En este día no pudo formarse quórum en la Asamblea Nacional, cuando se requería para nombrar rectores del Consejo Nacional Electoral. La circunstancia era crítica; el Tribunal Supremo de Justicia viene de renovar el período de Socorro Hernández y Tania D’Amelio, sobre la base de “omisión legislativa” de la AN, que se suma a la excusa universal del “desacato” para la anulación de los actos de ese cuerpo a lo largo de meses. Concretamente, faltaron a la sesión programada al efecto dos diputados de Un Nuevo Tiempo—William Barrientos (Zulia), Adolfo Superlano (Barinas)— y Virgilio Fernández, diputado indígena por el estado Zulia.

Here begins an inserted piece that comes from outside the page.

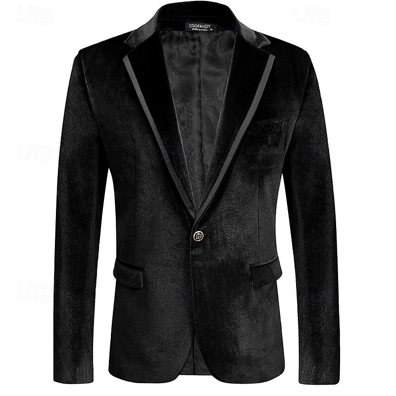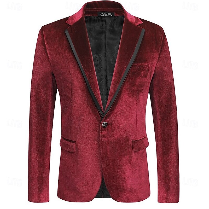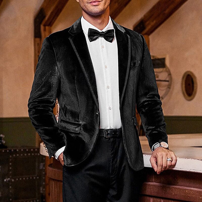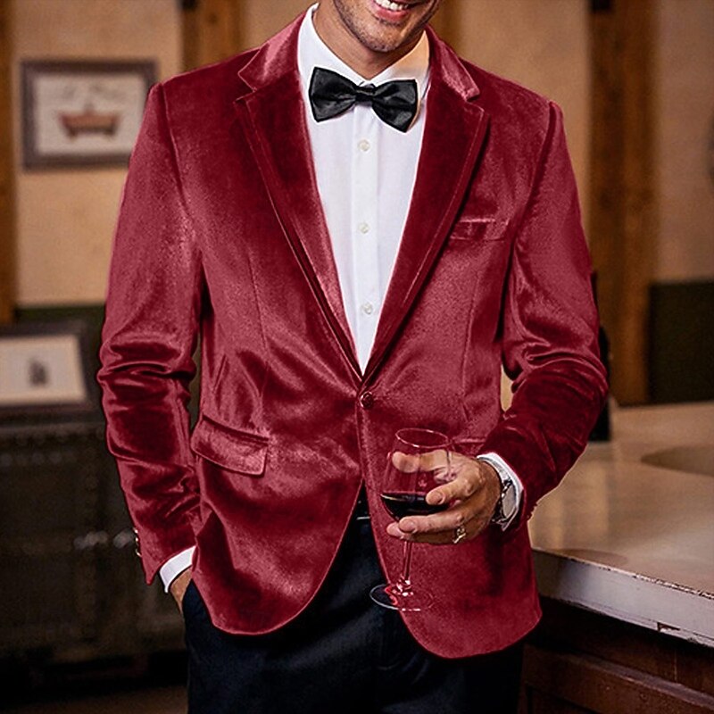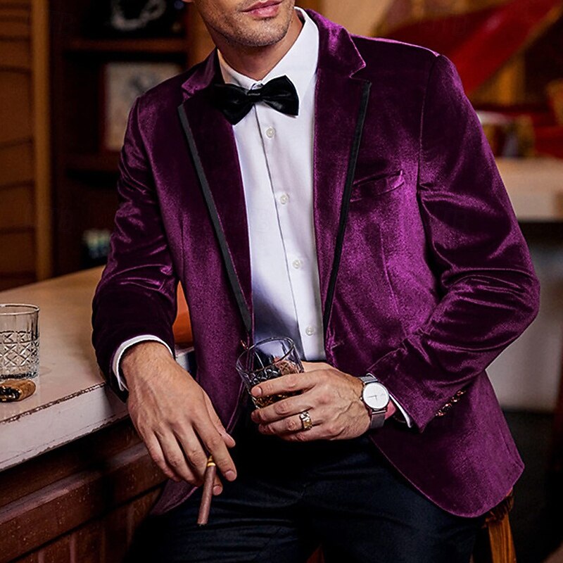More information about Men's Blazer Velvet Blazer Business Cocktail Party Wedding Party Fashion Casual Spring & Fall Polyester Solid Color Pocket Buttons Comfortable Single Breasted Blazer Black Red Blue Purple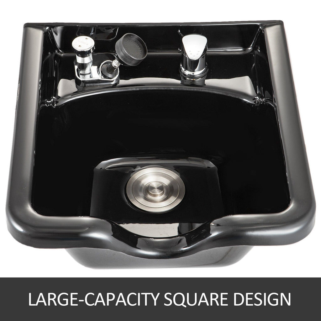 Designed for comfort and durability, the VEVOR Shampoo Basin is the perfect hair washing sink for salons and spas. Made from sturdy ABS plastic, this black basin features a water-protective design to keep your workspace dry and clean. Its ergonomic shape ensures comfortable use for both hair stylists and clients. Easy to install and maintain, this versatile basin is ideal for professional beauty salons or personal use.

En el mes de septiembre estuve en una conversación à trois que incluía a un interlocutor que conoce las intimidades de la Mesa de la Unidad Democrática; a otro contertulio y a mí nos describió las posiciones del G4 de la MUD— Acción Democrática, Primero Justicia, Un Nuevo Tiempo, Voluntad Popular—en un eje cuyos polos opuestos son la confrontación y la negociación con el gobierno. Los más proclives a dialogar eran, primero, UNT y luego, menos convencida, AD. El más decidido a confrontar era VP y con menos intensidad PJ. Entonces hice este gráfico (los números corresponden a los porcentajes obtenidos por cada partido en las primarias de la MUD en 2015 para escoger una parte de sus candidatos a la AN):

 

Confrontacionistas y negociadores

 

¿Tendrán cosas de este tipo que ver con la aceptación pública de los miembros del G4 medida a fin de año por Venebarómetro? (Voluntad Popular, 12%; Primero Justicia, 7,2%; Acción Democrática, 6%; Un Nuevo Tiempo, 1,8%). ¿Ha muerto, para fines prácticos, la Mesa de la Unidad Democrática, como fuera anticipado en este blog hace cuatro años? ¿Cumplirá Capriles Radonski su ofrecimiento de nombres de quienes presuntamente han sido sobornados por el oficialismo, o actuará como Luis Piñerúa Ordaz, quien nunca envió al Comité Ejecutivo Nacional de AD la lista de corruptos adecos que decía obraba en su poder? ¿Es que su acusación sin acusados es cierta? Lo que sí es cierto es que el oficialismo ha colocado otro balón bajo el arco de la Asamblea Nacional; Henry Ramos Allup inició de una vez el lapso de actuación de la Comisión Delegada, cerrando así el primer período de sesiones ordinarias del cuerpo que ha dirigido con notoria torpeza.